* [TASK DESCRIPTION]:
From the first line of the data below through the line holding "最大の見どころは、国宝に指定", output each line exactly and leave the pictures out.
··· DATA SUPPLIED ···
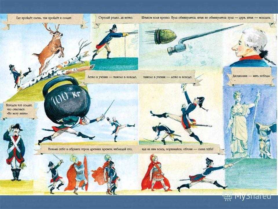 Воспитатель: И напрасно. Вот Суворову эта его привычка очень помогла во время военной службы. Он даже поздней осенью ходил в легкой форме и не переодевался в зимнее обмундирование, пока всем его солдатам не выдавали теплую форму.
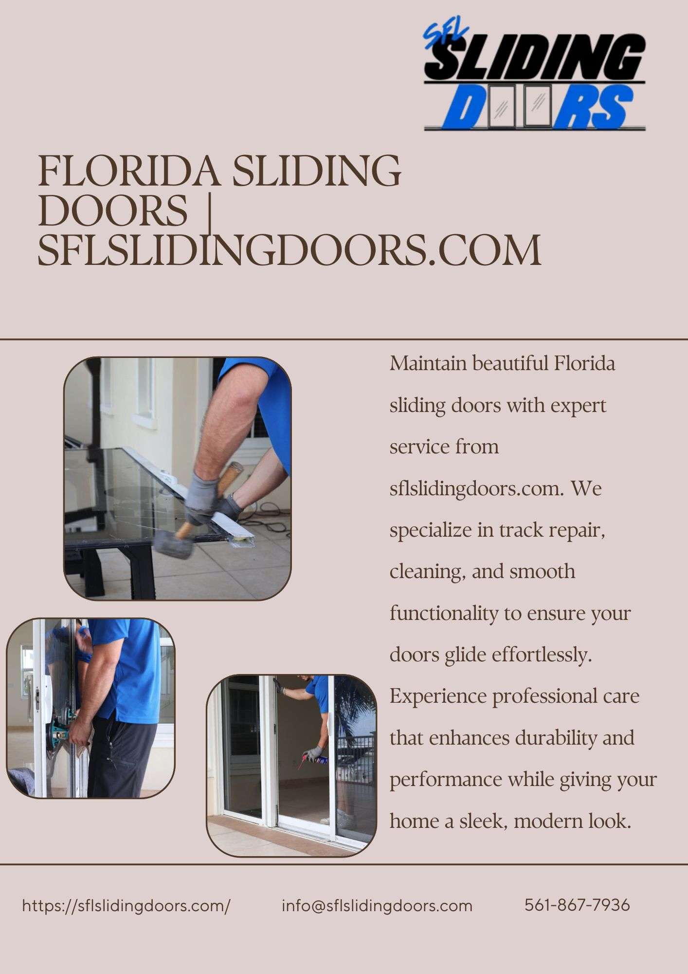 Maintain beautiful Florida sliding doors with expert service from sflslidingdoors.com. We specialize in track repair, cleaning, and smooth functionality to ensure your doors glide effortlessly. Experience professional care that enhances durability and performance while giving your home a sleek, modern look.
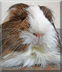 Dearest Bella, what a sweet Silkie Guinea Pig you are, indeed! You're absolutely adorable with that long, colorful coat and that sweet face with the cute pink nose and mouth and lovely big dark eyes. You have quite the delightful personality, too. You're sweet and loving and full of character. You enjoy squeaking almost like you're singing. You hold your head up high for photos, as if you know how beautiful you are. You take good care of your sister Mystery by grooming her. You're friends with the family dog and will sit by her. You love a good cuddle and your fleece blanket. You love to be petted and adored by visitors and want to come out of your cage to visit with them. You all love each other very much, don't you. What a wonderful love-filled home you share!
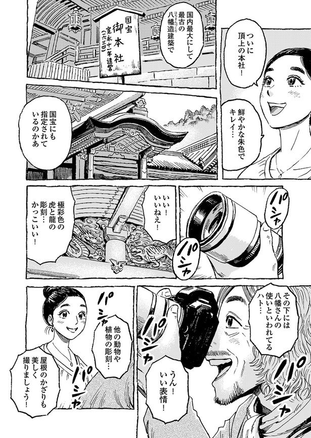 最大の見どころは、国宝に指定されている豪華絢爛な本殿。徳川家光が再建した「八幡造」の建築美や、随所に施された精緻な彫刻には目を見張る。作中でカメラマンの勝間さんが注目したのも納得だ。
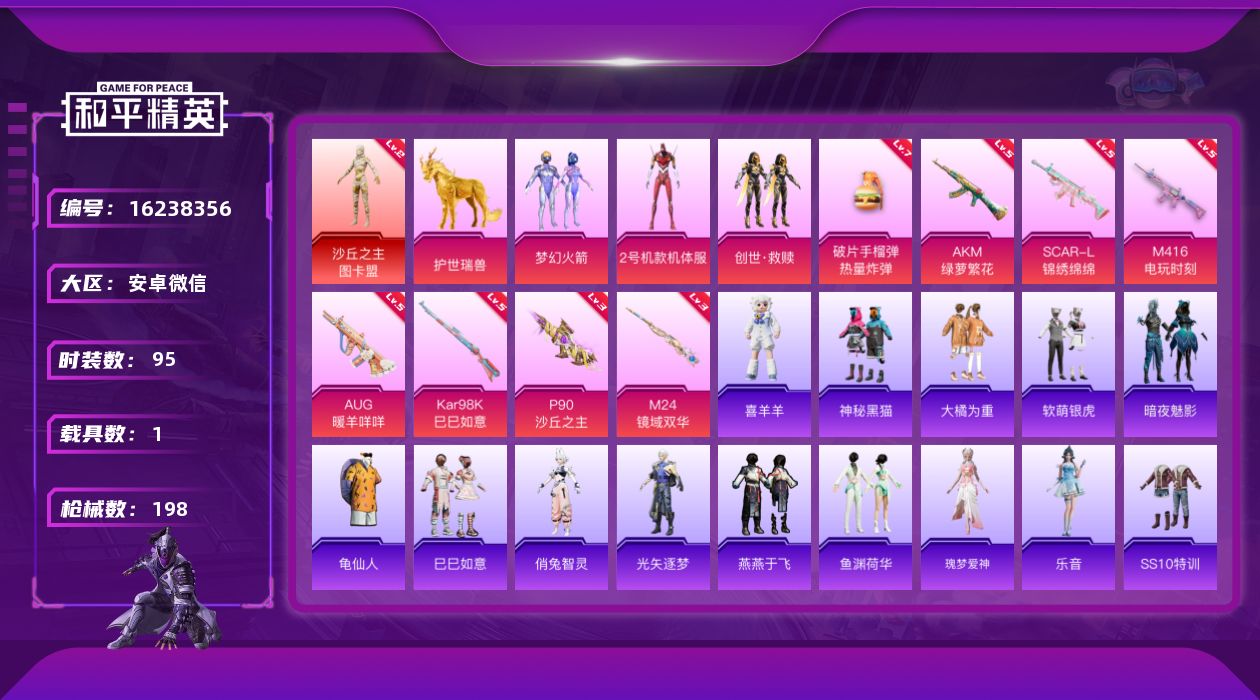 [16238356]安卓 微信-1神装-3粉装-8特效枪-1载具-10粉色飞行器-55785热力值-8王牌印记-95套装-198枪皮
···
* [RESULT]:
 Воспитатель: И напрасно. Вот Суворову эта его привычка очень помогла во время военной службы. Он даже поздней осенью ходил в легкой форме и не переодевался в зимнее обмундирование, пока всем его солдатам не выдавали теплую форму.
 Maintain beautiful Florida sliding doors with expert service from sflslidingdoors.com. We specialize in track repair, cleaning, and smooth functionality to ensure your doors glide effortlessly. Experience professional care that enhances durability and performance while giving your home a sleek, modern look.
 Dearest Bella, what a sweet Silkie Guinea Pig you are, indeed! You're absolutely adorable with that long, colorful coat and that sweet face with the cute pink nose and mouth and lovely big dark eyes. You have quite the delightful personality, too. You're sweet and loving and full of character. You enjoy squeaking almost like you're singing. You hold your head up high for photos, as if you know how beautiful you are. You take good care of your sister Mystery by grooming her. You're friends with the family dog and will sit by her. You love a good cuddle and your fleece blanket. You love to be petted and adored by visitors and want to come out of your cage to visit with them. You all love each other very much, don't you. What a wonderful love-filled home you share!
 最大の見どころは、国宝に指定されている豪華絢爛な本殿。徳川家光が再建した「八幡造」の建築美や、随所に施された精緻な彫刻には目を見張る。作中でカメラマンの勝間さんが注目したのも納得だ。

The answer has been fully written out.